This post has been updated to correct the Ho family’s status in a proposed National Harbor casino.
ORIGINAL POST: Eric Hotung is variously described as a Hong Kong tycoon, financier and philanthropist. His grandfather was called “the richest man in Hong Kong.” His father founded the Hong Kong gold and silver exchange. And Hotung himself has both made large sums of money and devoted himself to many charitable endeavors, including a $5 million donation for the Eric E. Hotung International Law Center at the Georgetown University law school in downtown Washington. Active at age 86, nearly all of his words and deeds remain big news in Hong Kong, as we shall soon see.
In the mid-1990s, Hotung purchased the home of Sen. Edward Kennedy, on Chain Bridge Road in McLean, for $5.88 million, and his American wife Patricia Shea Hotung lived there with some of their eight children. So when Eric Hotung, in December 2009, trashed one of his sons in a number of Hong Kong publications, his part-time residence in McLean enabled that son to file a defamation suit against his father in Fairfax County Circuit Court, USA.
And after a three-day trial, a Fairfax jury ordered Eric Hotung to pay his son $1.2 million for the comments made in Oriental Daily, Sudden Weekly, East magazine and other Chinese-language outlets. Comments such as, “He is not my son!” and “Judging by his habits, he can’t possibly be a relative of mine” and “These kinds of people cannot be members of the Hotung family.”
The verdict was just the latest chapter in a riotous, high-dollar soap opera of forbidden love, a casino empire, rival family dynasties, blackmail, lawsuits, secret love children and a nasty celebrity divorce. If this was on TV, you would watch. And the fact that this chapter played out in a mostly empty Fairfax courtroom, and wound up with a verdict that Eric Hotung can probably pay with the change in the console of his yacht, is our little part of Chinese history.
Eric Hotung is the grandson of Sir Robert Hotung, an influential figure in Hong Kong who was knighted not once but twice by the British. His family owns whole streets in Hong Kong, Eric Hotung said in his deposition in the Fairfax case. Streets in Hong Kong tend to be worth a great deal of money.
Sir Robert Hotung had a brother named Ho Fook, whose grandchildren include Stanley Ho and his sister Winnie Ho, who have run a dominant casino empire in Macau for decades.

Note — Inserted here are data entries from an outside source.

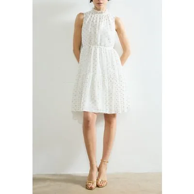 French Connection Arlo Jacquard Tiered Dress Summer White/gold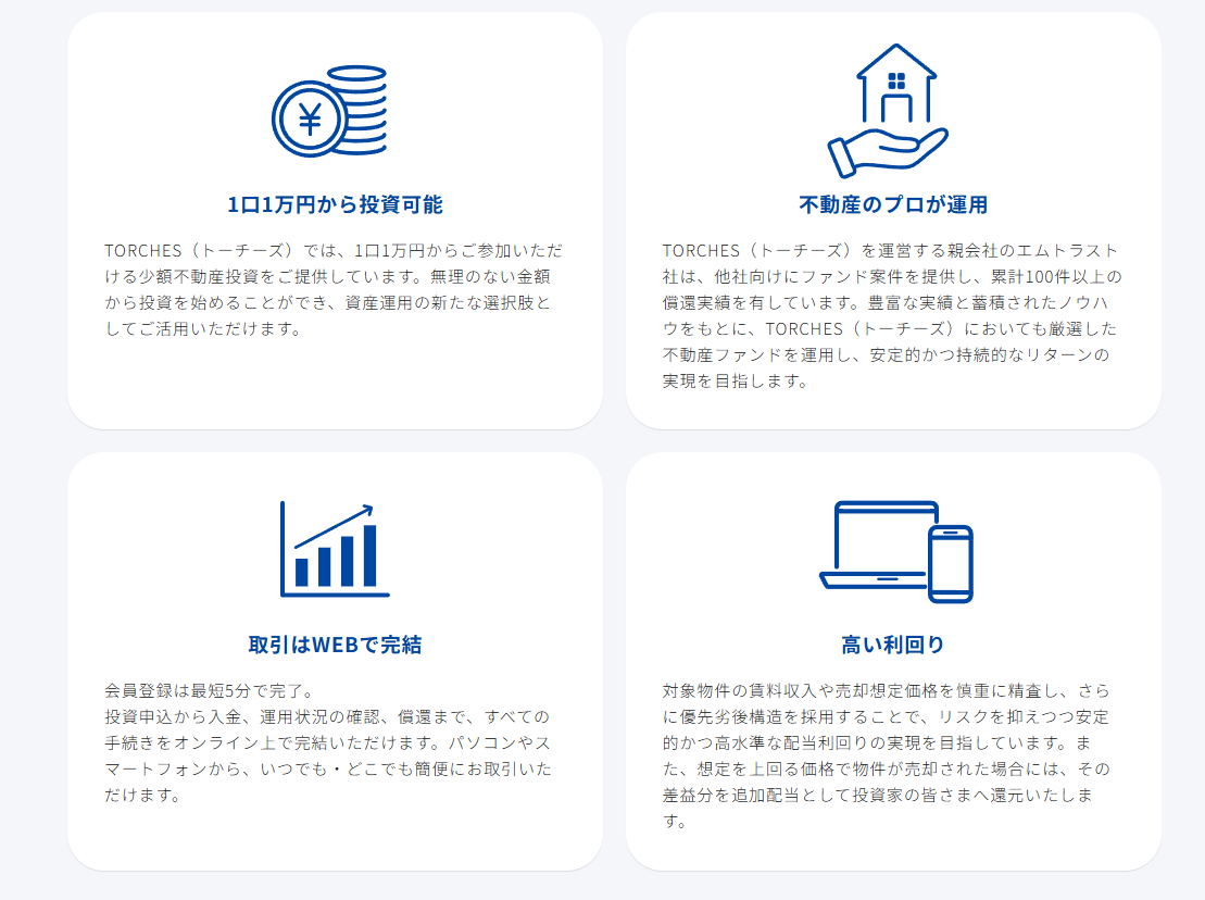 投資対象不動産の売却時に損失が発生した場合、劣後出資者であるトーチーズの出資分から先に損失を引き受けてくれます。優先出資者の元本毀損リスクの低減を図る仕組みです。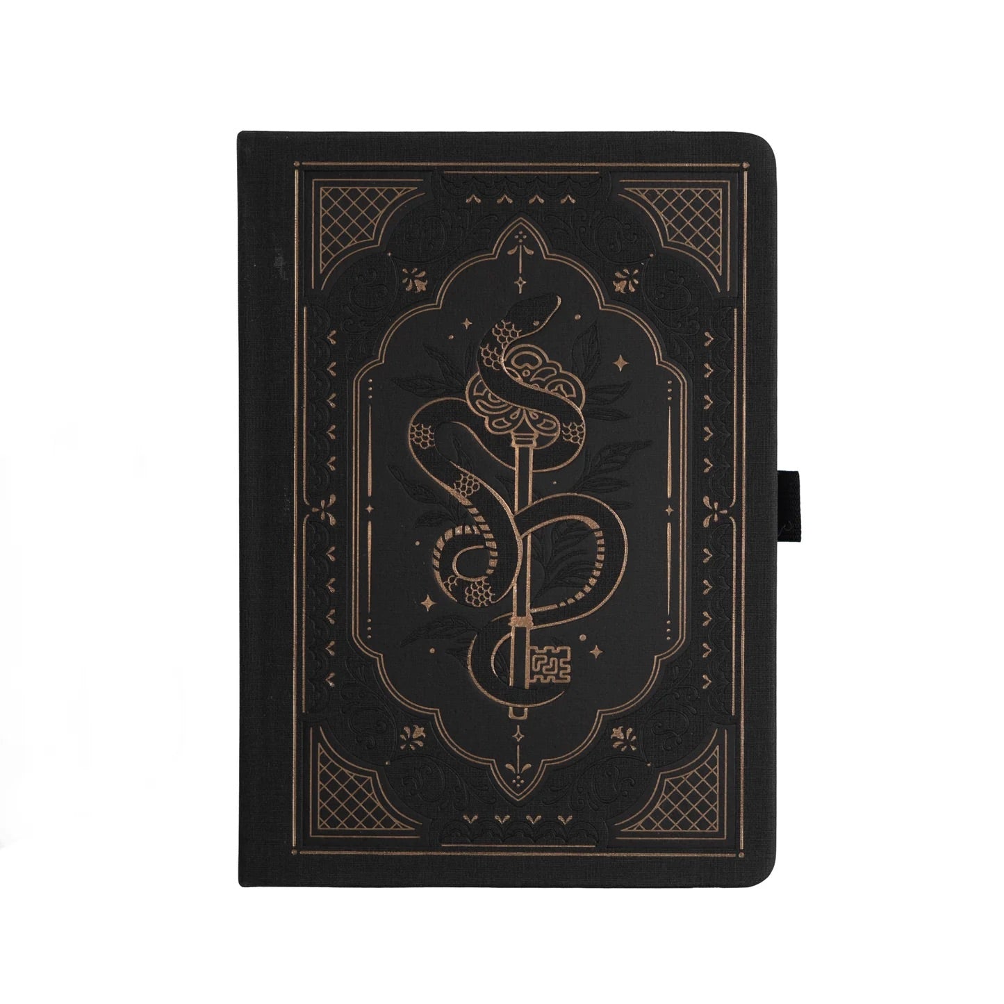The design features an intricate snake and key design, part debossed and part hand stamped with a bronze foil on a dark gray vegan leather cover. The pages feature hand-torn edges, adding to the antique feel of the notebook.

(The Ho family is now trying to partner with MGM to run a casino at National Harbor. So we’ve hardly heard the last of the Hos.)
(UPDATE: MGM clarified Tuesday that the Hos, while partnering with MGM in Macau, are not partners in the National Harbor venture. The Macau partnership could still attract regulators’ attention, as The Post reported, but not because of any direct role in Maryland.)
The Hotung family evidently did not approve of the Ho family and their gambling, and made this clear to Eric, the family scion. But when Eric was 16 and first glimpsed his cousin Winnie Ho, “It was love at first sight,” he told an interviewer in 2001. “She’s quite a beauty. It was a sad romance because my family opposed it,” and Winnie Ho was forced to marry Mak Chi-wai instead.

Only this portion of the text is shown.